Lady Gaga's male alter ego

Rumor has it the pop star is pretending to be Jo Calderone. Is it edgy performance art or boringly predictable?

Published August 25, 2010 9:14PM (EDT)

Cover images from the September issue of Japanese Men's Vogue.
Cover images from the September issue of Japanese Men's Vogue.

Word on the Inter-street is that Lady Gaga is Jo Calderone. The brooding, dark-haired cover model for the September issue of Japanese Men's Vogue claims to be an Italian mechanic who met the pop star at a photo shoot, took her out to dinner, and then, well, a gentleman never kisses and tells.

But Calderone's striking resemblance to Gaga has sparked feverish speculation that the songstress has taken on a male alter ego. New York magazine collected some evidence to support the rumor: The photo shoot was done by Nick Knight, "Gaga's favorite photographer," and the cover images were published today on the blog of Gaga's stylist, Nicola Formichetti. Also: Calderone's Twitter feed is "clogged with interactions with Gaga's favorite arm barnacle, Perez Hilton." I can't say with utter certainty that Gaga is Calderone (I'm 100 percent certain, however, that Perez Hilton's name should always be preceded by the phrase "arm barnacle"), but the case is strong.
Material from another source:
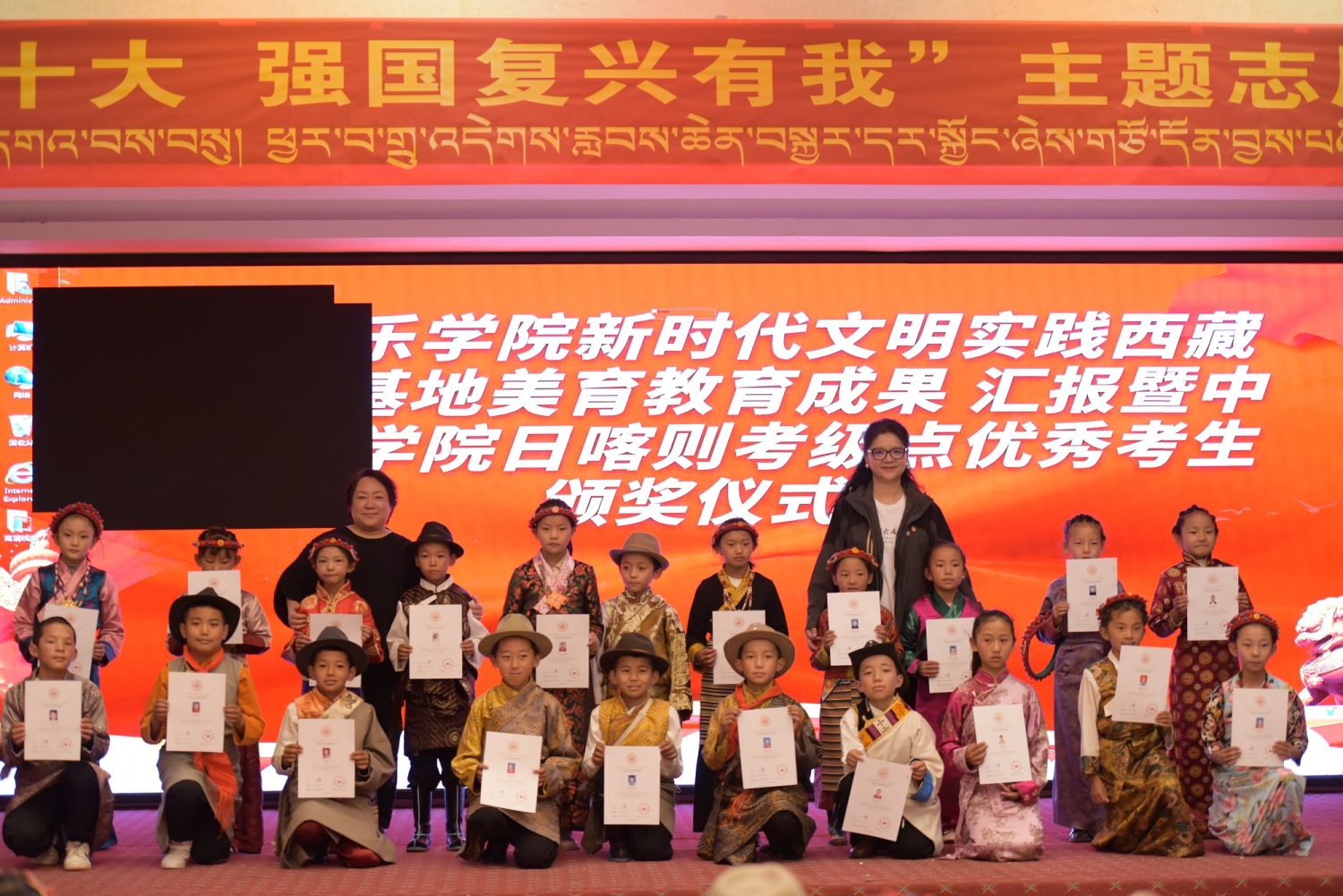 座谈会后,陈冰教授与李小曼老师为2022年6月19日在日喀则举办的声乐公益考级活动中的优秀教师及学生们颁发考级证书。在陈冰教授的带领下,全场师生共同演唱了《我和我的祖国》。

This is just the type of stunt one should expect from the envelope-pushing singer. Just a couple of months ago, the music video for "Alejandro" featured gender-fluid men and a seemingly sexless Gaga engaged in S/M play. Last August, Salon's Mary Elizabeth Williams wrote in response to the mostly debunked rumors that Gaga had a penis, she is "en route to becoming one of pop’s great gender benders." A year later, lo and behold, the buzz is that the singer is pretending to be a dude. Over time, her look has evolved from drag queen to androgynous to drag king, and her self-described sexuality has slid from straight to gay to bi to ... abstinent.

I generally celebrate the blurring of gender lines and the subversion of traditional sex roles, but this is painfully predictable. I prefer my performance art with a bit more subtlety and suspense. Some of us -- even those who drunkenly berate the DJ with "Gaga! Gaga! Play some Gaga!" -- are experiencing a little Gaga fatigue. My colleague Thomas Rogers put this burnout in particularly depressing terms: "It makes me feel sad, like the summer is over, so we now need to listen to respectable music, like the National, or awful things like Daughtry."